Co-localization analysis
Deconvoluted images for each field of view contain a series of z stacks in three channels, DAPI, FISH and SC35. FISH spots were identified by performing particle analysis on the 2D maximal projection of z stacks of each field of view in the FISH channel with the threshold being set to the minimal value allowing only FISH spots to be recognized as “particles” in the size range of 10 – 500 pixels. These FISH particle regions were saved and applied to the z-stacks of FISH and SC35 channels and z-axis profiles of selected regions (min, max and mean values of fluorescence intensity) in both channels were recorded and examined. Positive co-localization of a given FISH spot with SC35 was defined by the presence of positive SC35 signals above background in any of the FISH-signal containing regions of that FISH spot. In order to determine one FISH region as positive SC35-colocalized, it needs to contain more than one stack with mean intensity above SC35 background, or contain more than half amount of stacks with max intensity over SC35 background. For each analyzed image, SC35 background value was based on the average mean intensities in areas outside of SC35 clusters within the nucleus region. For each field of view, the SC35 co-localization rate represents the ratio of the amount of SC35-colocalized FISH spots over the amount of total FISH spots.

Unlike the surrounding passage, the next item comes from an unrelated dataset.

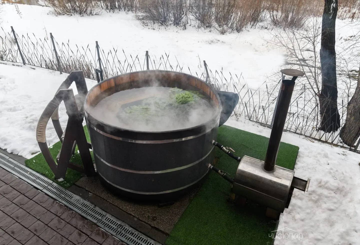 На первом этаже бани, расположены парилка, общая комната и душевая. На втором – две спальни и комната отдыха (здесь же можно сразиться в настольный футбол). Помещение бани оснащено современной аудиоаппаратурой и большой плазменной панелью. Две террасы с шезлонгами, вид на реку и Бугринский мост, уникальная кухня, караоке и ТВ, бесплатный wifi и настольный футбол станут приятным дополнением для вашего отдыха. Русская печь с закрытой каменкой – гордость бани «Тайга», она дает насыщенный пар, который дарит силы и избавляет от мышечного напряжения. Печь отделана талькомагнезитом (одна из главных особенностей — его способность при нагревании излучать инфракрасное тепло, сходное во многом с солнечным). Вот почему люди воспринимают тепло, как мягкое, комфортное, расслабляющее. Существует мнение, что такие банные процедуры не только приятны, но и чрезвычайно полезны, поскольку прогревают мышцы и суставы, стимулируют кровоток, способствуют очищению сосудов и выводу шлаков и токсинов, улучшают тонус кожи, повышают иммунитет. Наличие купели, на территории бани «Тайга», делает ее еще более уникальной. Купель топится дровами и температуру воды можно регулировать по вашему желанию.

Center-to-center distances were calculated as follows. After deconvolution, each cluster or spot was identified as a connected 3D region such that all voxels within this region are above a threshold. The threshold was determined as described previously 58. Briefly, each deconvoluted image was scanned to identify all pixels on every stack that was could not possibly be background. The threshold was chosen such that the number of detected fluorescent clusters would not change within 3% variation of this threshold. The center of a cluster (spot) was calculated as the gravity center. Center-to-center distance was calculated with voxel as the unit.
Acknowledgment
Authors thank Dr. Alexandra Bortnick for advices on optimizing the immunofluorescence and DNA FISH assay. This work is funded by NIH R35CA197622 (J.Z.), DP1HD087990 (S.Z.) and U01CA200147 (S.Z.).